>>>>

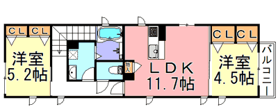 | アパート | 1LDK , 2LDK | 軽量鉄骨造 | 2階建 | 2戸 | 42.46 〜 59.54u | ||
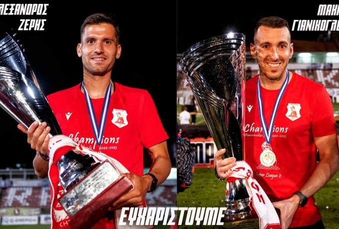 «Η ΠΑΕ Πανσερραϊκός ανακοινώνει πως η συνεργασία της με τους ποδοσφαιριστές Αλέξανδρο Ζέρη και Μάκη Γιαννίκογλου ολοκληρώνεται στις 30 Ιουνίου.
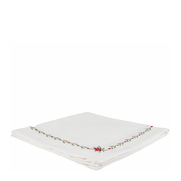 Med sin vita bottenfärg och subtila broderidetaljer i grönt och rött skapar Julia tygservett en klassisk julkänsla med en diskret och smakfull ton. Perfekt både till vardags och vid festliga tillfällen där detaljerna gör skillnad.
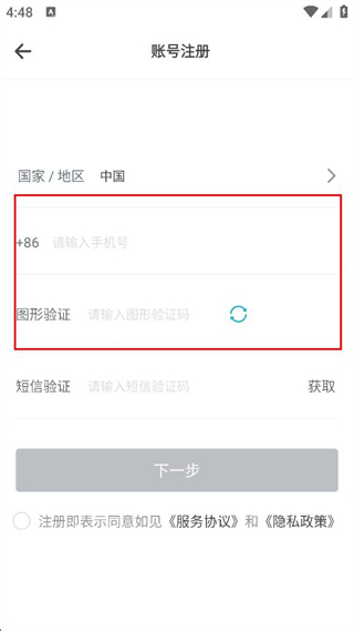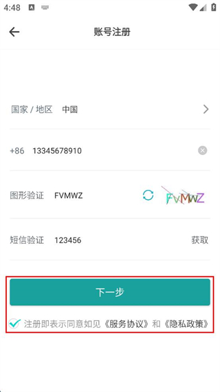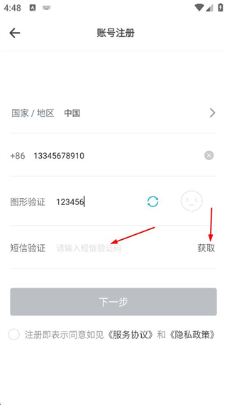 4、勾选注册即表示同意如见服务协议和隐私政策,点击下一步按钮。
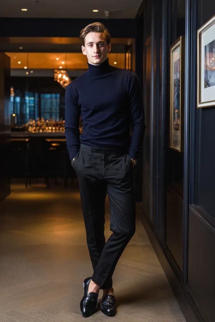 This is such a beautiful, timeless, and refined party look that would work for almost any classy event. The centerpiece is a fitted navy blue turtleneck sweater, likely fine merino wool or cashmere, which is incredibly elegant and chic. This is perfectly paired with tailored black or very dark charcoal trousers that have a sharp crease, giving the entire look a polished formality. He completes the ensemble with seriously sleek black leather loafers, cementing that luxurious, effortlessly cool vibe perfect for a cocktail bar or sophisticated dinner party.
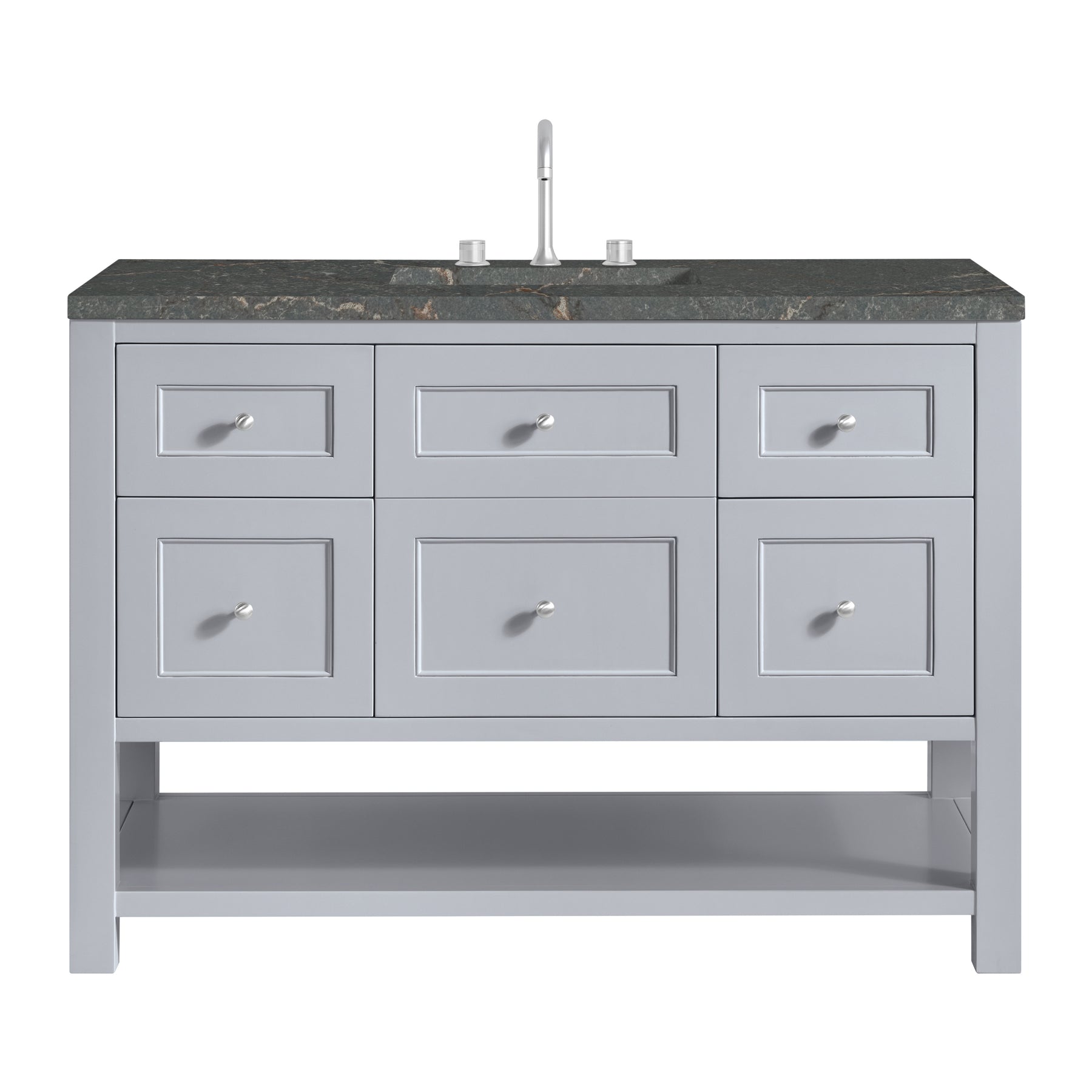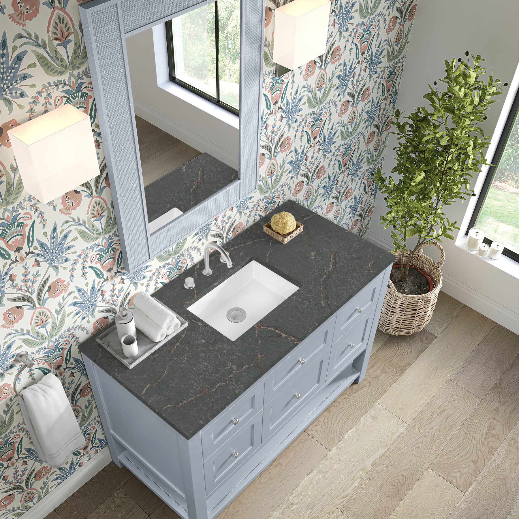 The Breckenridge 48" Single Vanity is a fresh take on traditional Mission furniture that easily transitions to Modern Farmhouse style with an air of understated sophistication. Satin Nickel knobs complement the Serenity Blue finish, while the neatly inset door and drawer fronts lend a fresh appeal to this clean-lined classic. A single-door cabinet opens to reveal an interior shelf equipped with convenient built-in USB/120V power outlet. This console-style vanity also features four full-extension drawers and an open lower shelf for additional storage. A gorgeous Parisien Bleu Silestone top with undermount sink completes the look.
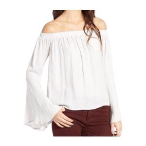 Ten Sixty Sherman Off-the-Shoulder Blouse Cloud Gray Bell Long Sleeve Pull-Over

<<<<

**Problem**: Write out, word for word, the lines from the start of the data through the one holding "4、勾选注册即表示同意如见服务协议和隐私政策,点击下一步按钮。". Omit pictures.

**Exercise answer**:
 | アパート | 1LDK , 2LDK | 軽量鉄骨造 | 2階建 | 2戸 | 42.46 〜 59.54u | ||
 «Η ΠΑΕ Πανσερραϊκός ανακοινώνει πως η συνεργασία της με τους ποδοσφαιριστές Αλέξανδρο Ζέρη και Μάκη Γιαννίκογλου ολοκληρώνεται στις 30 Ιουνίου.
 Med sin vita bottenfärg och subtila broderidetaljer i grönt och rött skapar Julia tygservett en klassisk julkänsla med en diskret och smakfull ton. Perfekt både till vardags och vid festliga tillfällen där detaljerna gör skillnad.
 4、勾选注册即表示同意如见服务协议和隐私政策,点击下一步按钮。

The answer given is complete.